Your assignment: Go to the line below that has "La elevación de", print it and each line after it exactly, and stop after the line that has "বোরকা/ বড় হিজাব"; leave out pictures.

Saved entries:
......
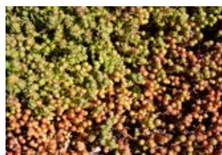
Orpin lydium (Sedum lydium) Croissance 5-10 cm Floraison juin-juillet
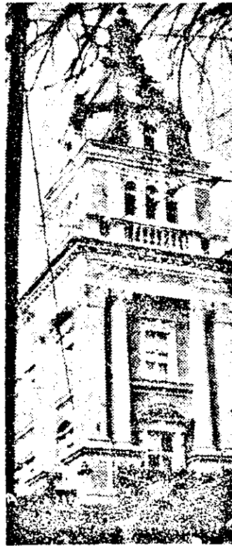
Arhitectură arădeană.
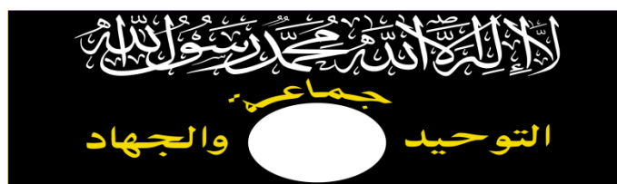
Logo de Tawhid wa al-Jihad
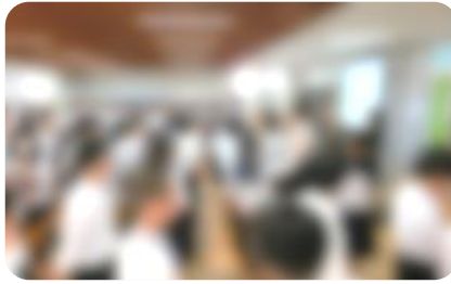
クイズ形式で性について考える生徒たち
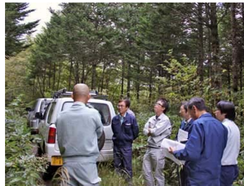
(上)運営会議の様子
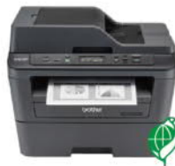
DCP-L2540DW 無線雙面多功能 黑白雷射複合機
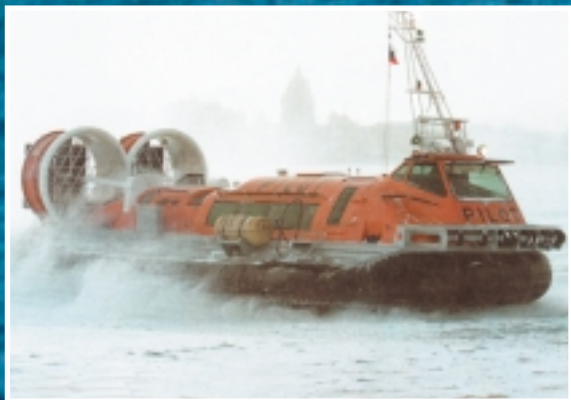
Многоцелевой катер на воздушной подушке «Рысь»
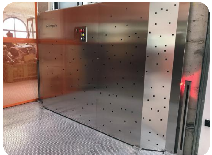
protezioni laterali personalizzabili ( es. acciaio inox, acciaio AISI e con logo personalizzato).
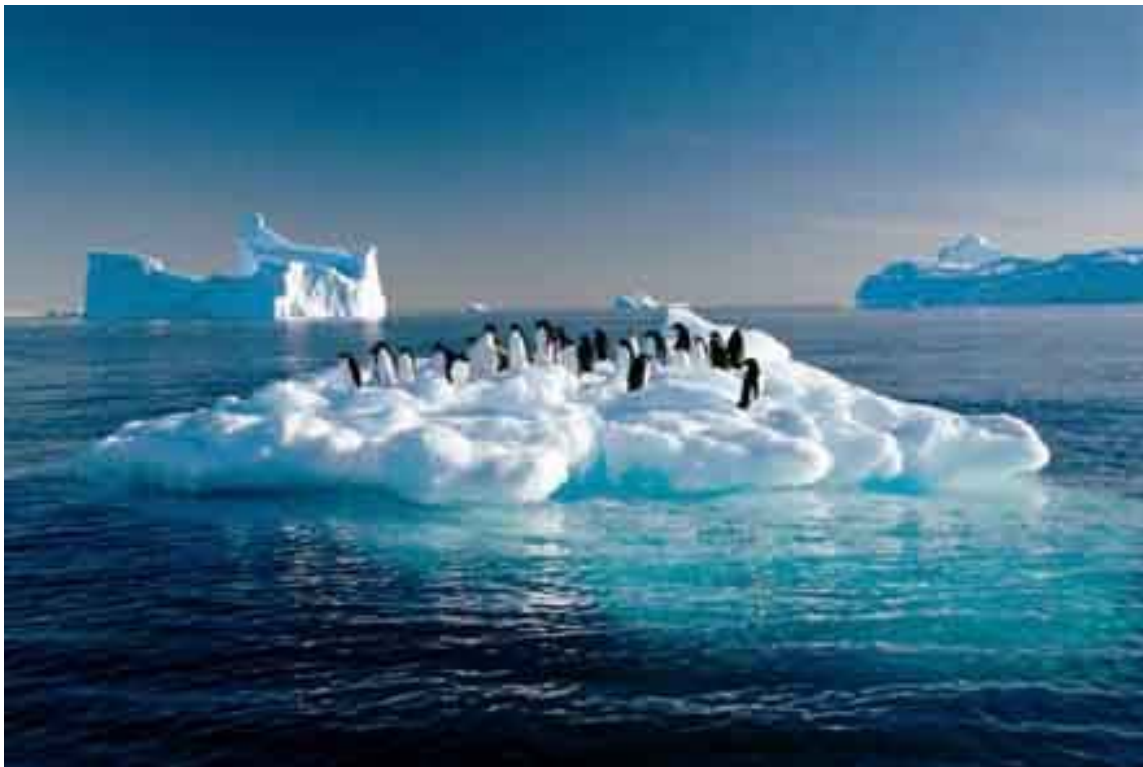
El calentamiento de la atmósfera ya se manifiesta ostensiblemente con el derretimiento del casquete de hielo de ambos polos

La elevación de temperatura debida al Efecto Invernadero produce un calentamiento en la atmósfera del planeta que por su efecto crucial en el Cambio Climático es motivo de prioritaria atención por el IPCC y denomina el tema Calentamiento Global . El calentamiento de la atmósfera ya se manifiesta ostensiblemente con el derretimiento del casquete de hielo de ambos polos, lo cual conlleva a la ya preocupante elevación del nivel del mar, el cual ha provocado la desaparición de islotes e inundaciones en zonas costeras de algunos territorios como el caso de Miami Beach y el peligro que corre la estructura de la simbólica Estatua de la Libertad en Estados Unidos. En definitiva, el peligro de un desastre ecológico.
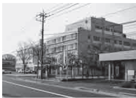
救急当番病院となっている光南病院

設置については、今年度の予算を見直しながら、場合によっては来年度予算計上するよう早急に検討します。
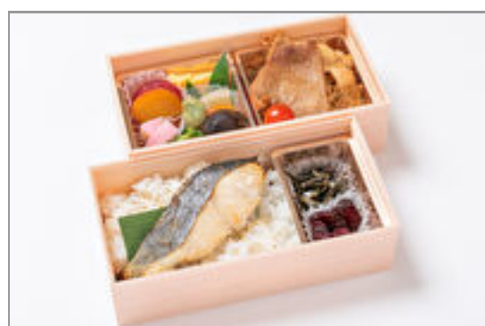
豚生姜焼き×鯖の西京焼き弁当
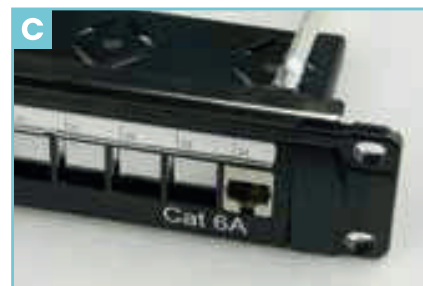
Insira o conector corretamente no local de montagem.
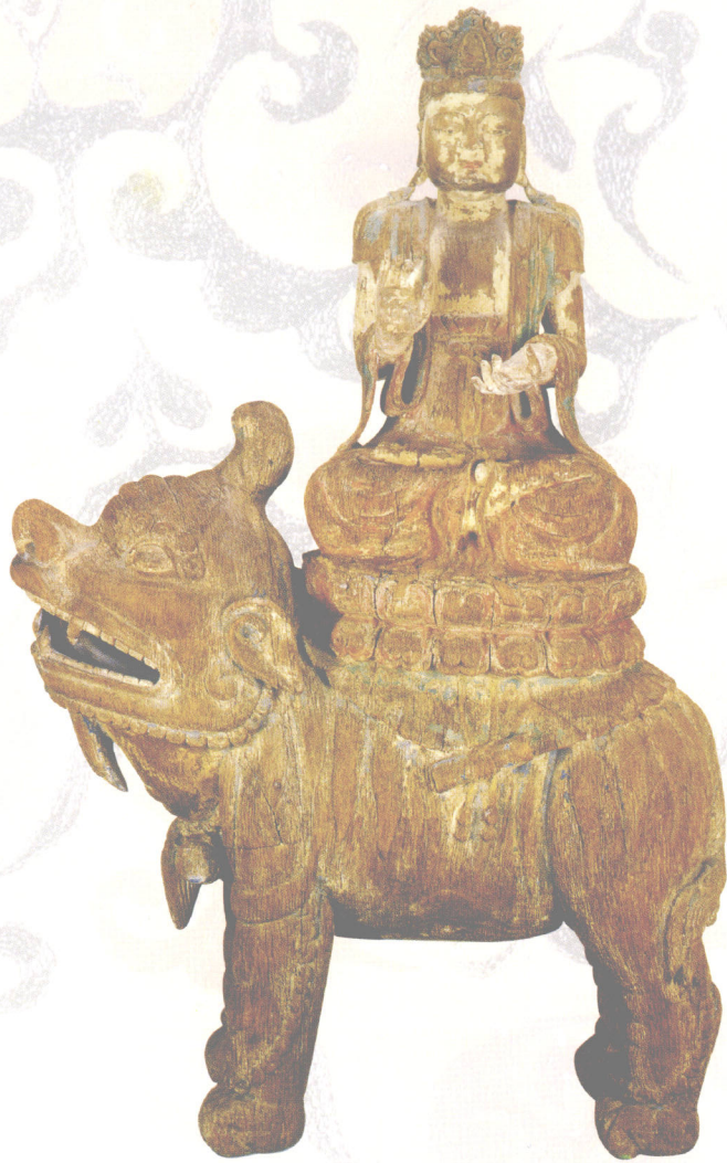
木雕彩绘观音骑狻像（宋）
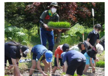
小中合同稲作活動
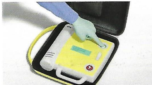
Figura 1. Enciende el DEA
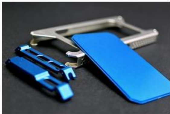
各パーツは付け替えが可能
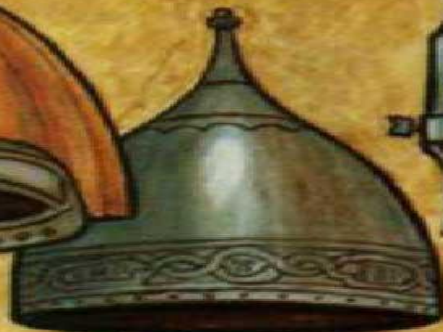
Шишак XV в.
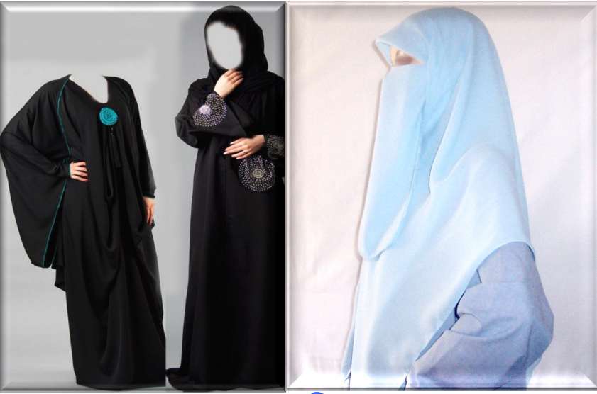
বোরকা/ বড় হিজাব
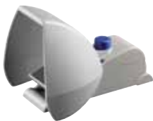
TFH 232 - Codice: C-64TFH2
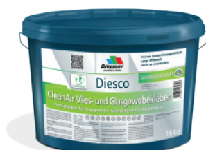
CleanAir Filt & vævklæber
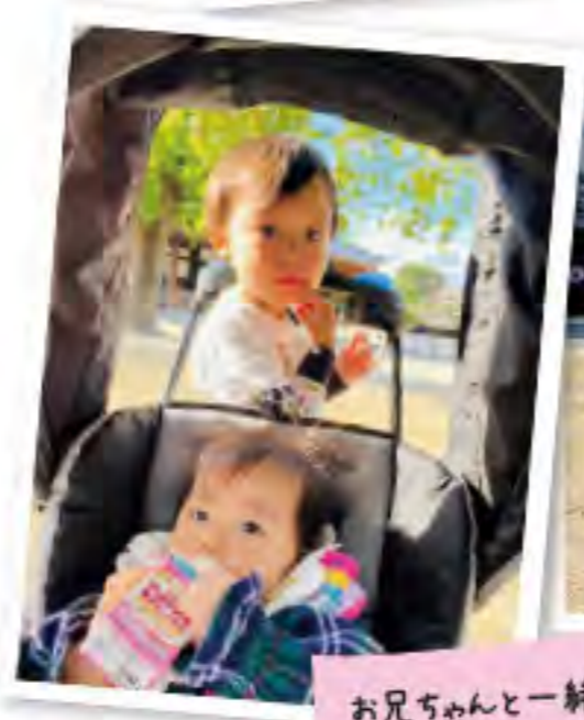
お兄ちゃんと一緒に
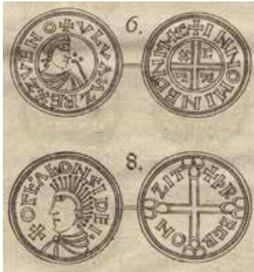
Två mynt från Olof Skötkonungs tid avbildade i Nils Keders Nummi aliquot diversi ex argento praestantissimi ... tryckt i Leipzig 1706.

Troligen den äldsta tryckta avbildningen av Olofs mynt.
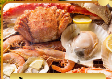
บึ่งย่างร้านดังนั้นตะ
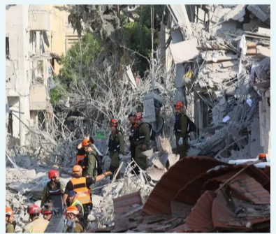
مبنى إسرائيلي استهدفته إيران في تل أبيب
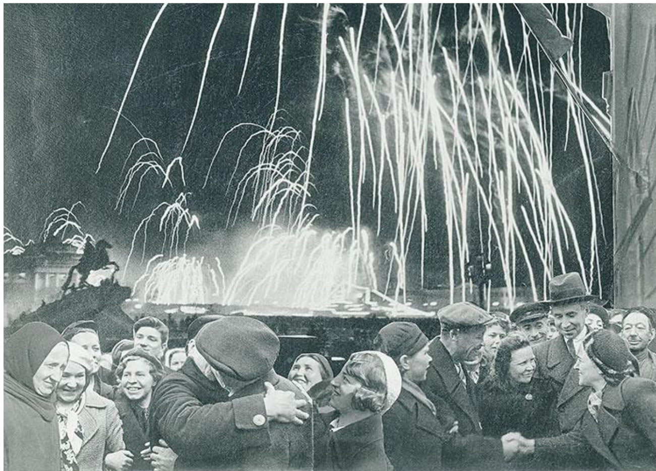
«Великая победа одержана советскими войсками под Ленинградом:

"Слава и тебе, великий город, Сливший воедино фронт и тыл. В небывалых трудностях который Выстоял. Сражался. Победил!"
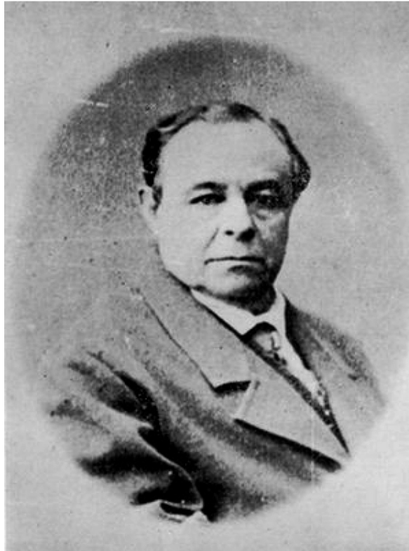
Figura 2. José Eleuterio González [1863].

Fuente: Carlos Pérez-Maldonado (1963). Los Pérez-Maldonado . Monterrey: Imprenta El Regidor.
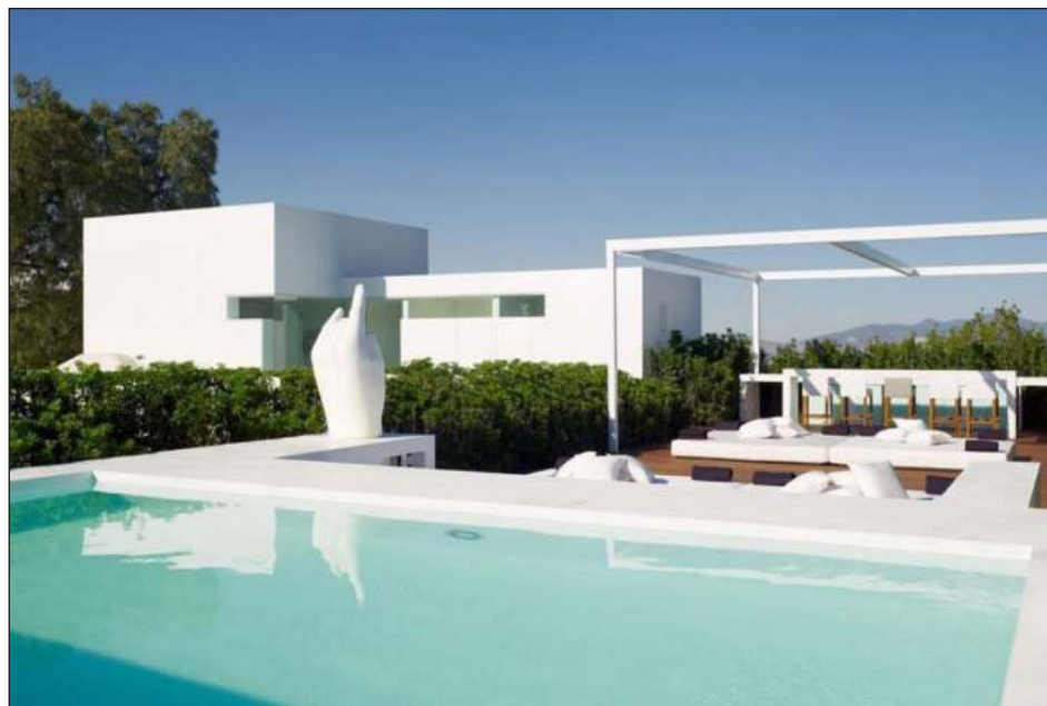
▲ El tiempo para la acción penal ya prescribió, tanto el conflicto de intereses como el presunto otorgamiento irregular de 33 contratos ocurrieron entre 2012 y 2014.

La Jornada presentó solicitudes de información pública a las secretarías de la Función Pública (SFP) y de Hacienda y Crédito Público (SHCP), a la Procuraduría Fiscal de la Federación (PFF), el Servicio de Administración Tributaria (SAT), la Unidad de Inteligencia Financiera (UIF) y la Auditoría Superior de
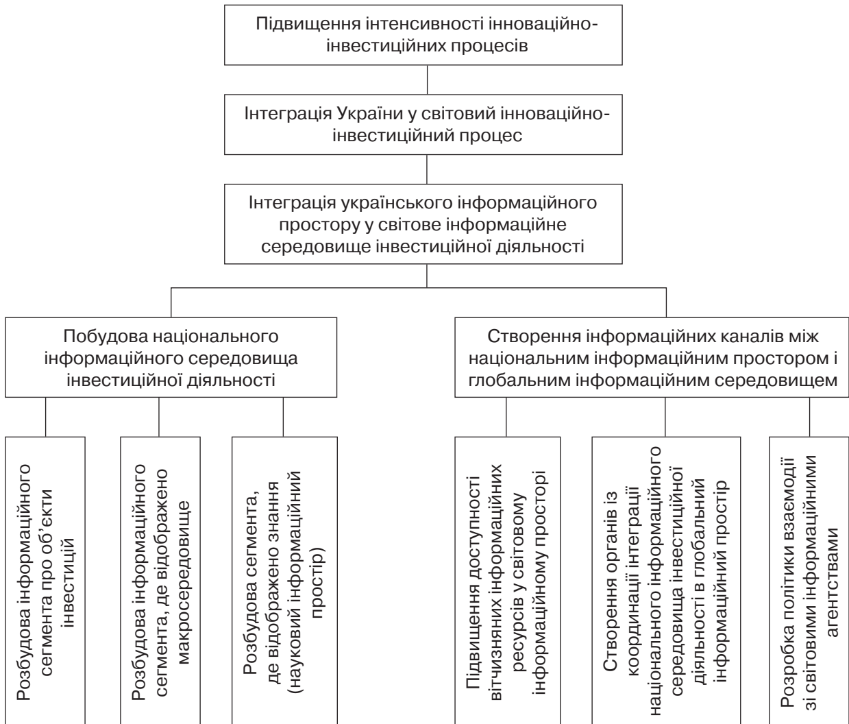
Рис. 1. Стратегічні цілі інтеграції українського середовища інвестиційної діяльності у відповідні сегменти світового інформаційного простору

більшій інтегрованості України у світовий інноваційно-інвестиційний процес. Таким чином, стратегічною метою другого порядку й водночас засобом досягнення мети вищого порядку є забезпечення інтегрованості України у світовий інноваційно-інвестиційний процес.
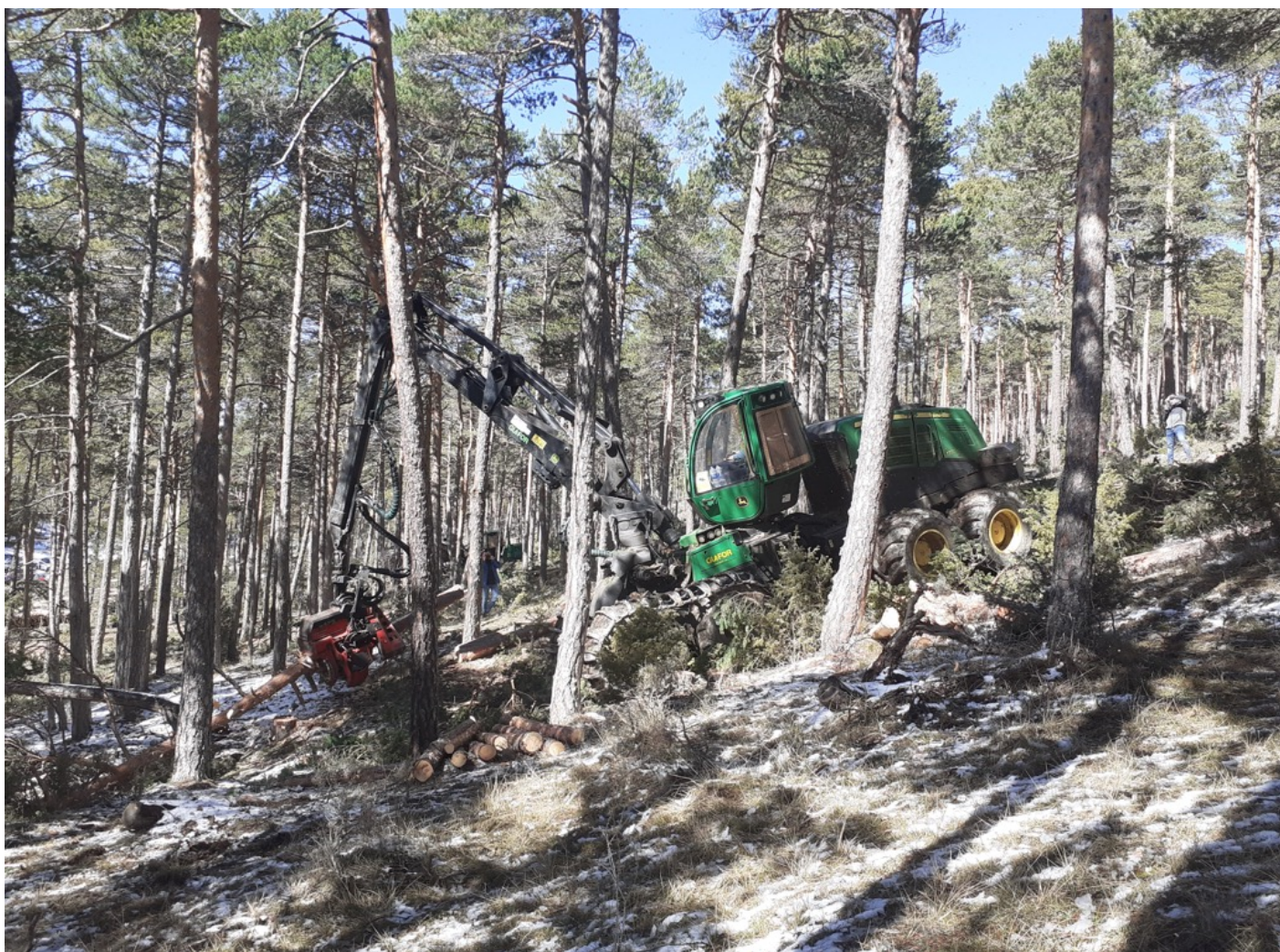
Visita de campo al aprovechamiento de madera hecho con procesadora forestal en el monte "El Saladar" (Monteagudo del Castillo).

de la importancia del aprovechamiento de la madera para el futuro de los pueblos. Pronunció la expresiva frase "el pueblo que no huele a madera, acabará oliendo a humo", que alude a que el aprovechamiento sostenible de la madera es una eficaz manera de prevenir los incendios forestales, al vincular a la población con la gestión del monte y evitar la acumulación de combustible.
......
Response:
La elevación de temperatura debida al Efecto Invernadero produce un calentamiento en la atmósfera del planeta que por su efecto crucial en el Cambio Climático es motivo de prioritaria atención por el IPCC y denomina el tema Calentamiento Global . El calentamiento de la atmósfera ya se manifiesta ostensiblemente con el derretimiento del casquete de hielo de ambos polos, lo cual conlleva a la ya preocupante elevación del nivel del mar, el cual ha provocado la desaparición de islotes e inundaciones en zonas costeras de algunos territorios como el caso de Miami Beach y el peligro que corre la estructura de la simbólica Estatua de la Libertad en Estados Unidos. En definitiva, el peligro de un desastre ecológico.
救急当番病院となっている光南病院

設置については、今年度の予算を見直しながら、場合によっては来年度予算計上するよう早急に検討します。
豚生姜焼き×鯖の西京焼き弁当
Insira o conector corretamente no local de montagem.
木雕彩绘观音骑狻像（宋）
小中合同稲作活動
Figura 1. Enciende el DEA
各パーツは付け替えが可能
Шишак XV в.
বোরকা/ বড় হিজাব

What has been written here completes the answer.